La música es ese arco del corazón que llega al roce del alma para visitar rincones desconocidos de la sensación. Es un camino de corcheas que sólo se vuelve a abrir cuando se vuelve a escuchar. Es la banda sonora de nuestros sentimientos más ocultos y más inapelables. Con ella, podemos viajar hacia lugares en los que nunca hemos estado, sentir los sueños en la piel y en algún lugar desconocido de nuestra percepción. Puede ser la anacrusa y la coda de nuestras vidas. Y también la enumeración de todas las razones por las que queremos seguir adelante.
La tragedia y la pérdida se unen para que viva el trauma en la eternidad. Crecer al lado de un amigo también puede ser una escuela para la emoción. Cuando llega el momento de la verdad, el instante en que se puede entrar en la inmortalidad, es posible que la desaparición sea la mejor respuesta, porque todo sigue ahí, en los resquicios del dolor, en la nada de la prolongación, en el delirio del mismo sueño. Al fondo, en colores e intenciones, un violín rojo intenta encontrar las notas adecuadas para establecer un agradable precedente. Aquí cerca, la realidad es, quizá, algo más predecible, pero la belleza se instala para no irse cuando la pasión se desliza a través de los dedos para llegar a la cuerda, a la vibración interior, a la auténtica revelación de lo que nunca se puede superar salvo con el sonido del pentagrama.
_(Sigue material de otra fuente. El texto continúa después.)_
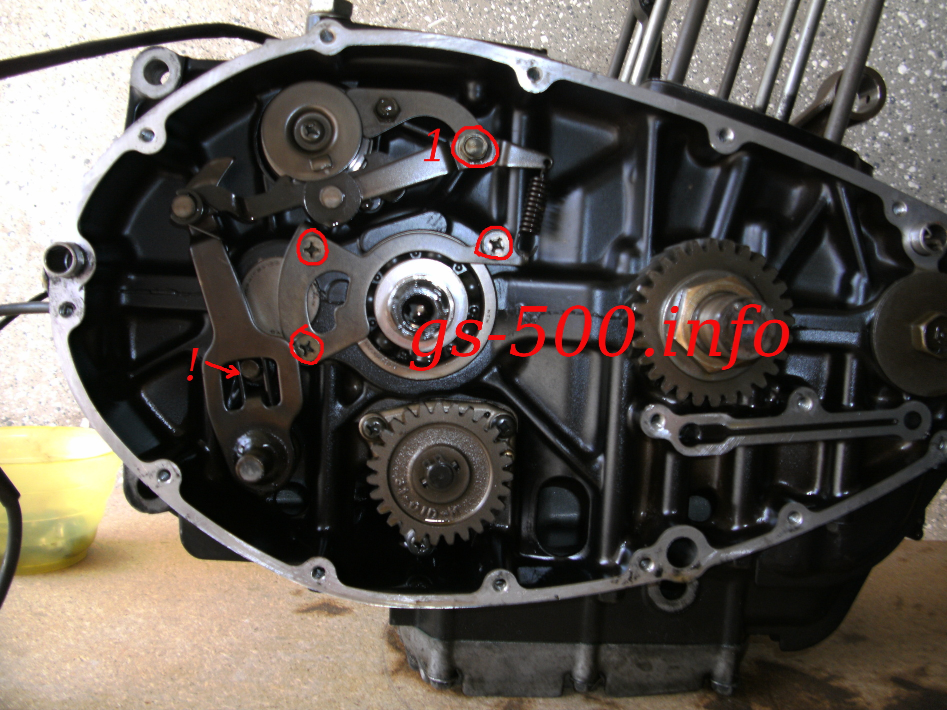 *die mit 1 markierte Schraube vom Schaltnockenanschlag entfernen. Die kleine Feder rechts daneben kann vorher ausgehangen werden.

Es cierto que esta película parece guardar un tono algo misterioso y que intenta llegar, con artimañas probadas, hasta el corazón. Sin embargo, parece como que falta un ápice de fuerza en lo que se quiere contar, como si no hubiera suficiente espíritu como para llegar y convencer. La interpretación de Clive Owen es más que correcta, Tim Roth ofrece profundidad y búsqueda en su caracterización y, entre los secundarios, cabe destacar al siempre excelente Saul Rubinek. La fotografía del francés David Franco, como ya demostró en El coro, es sutil y casi se convierte en un personaje más. La dirección del canadiense François Girard es muy pulcra. Todo parece funcionar para que el conjunto sea destacable y, sin embargo, se queda a tres cuartos de camino, derrengada y agotada, sin capacidad para el asombro por un final demasiado previsible. Y el error, posiblemente, está en el guión.
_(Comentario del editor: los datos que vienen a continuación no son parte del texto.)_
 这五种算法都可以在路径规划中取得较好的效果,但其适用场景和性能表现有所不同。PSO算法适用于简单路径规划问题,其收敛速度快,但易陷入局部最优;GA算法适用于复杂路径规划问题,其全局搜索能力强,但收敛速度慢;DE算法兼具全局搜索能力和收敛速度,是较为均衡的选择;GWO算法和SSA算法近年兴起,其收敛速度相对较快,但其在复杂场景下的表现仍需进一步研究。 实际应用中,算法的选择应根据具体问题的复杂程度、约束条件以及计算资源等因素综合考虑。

Así que es el momento de demostrar el prodigio que se lleva dentro, a pesar de que la sensación a la salida sea levemente agridulce. Hay buenas escenas, excelentes solos de cuerda, una ambientación notable, algunas gotas de emoción y la certeza de que el daño que se fermenta puede resultar irreparable. La irregularidad se manifiesta a través de más flashbacks de los debidos y en esa narración fragmentada que obliga a cambiar la visión con la velocidad de los dedos trasteando en el diapasón del violín. La guerra marca el compás y no queda más refugio que el tormento de las culpabilidades, o la culpa por los tormentos. No falta la típica arrogancia del genio en algunos pasajes y, desde luego, hay algún que otro desafine en una orquesta que, para funcionar, debería tocar de forma impecable.
El arco se desliza suavemente tratando de encontrar la resonancia adecuada. El destino no siempre sabe contestar a las preguntas de la inmortalidad y más vale retener en la memoria el nombre de todos los que cayeron dentro de la misma canción. Porque, a veces, una melodía explica toda una existencia.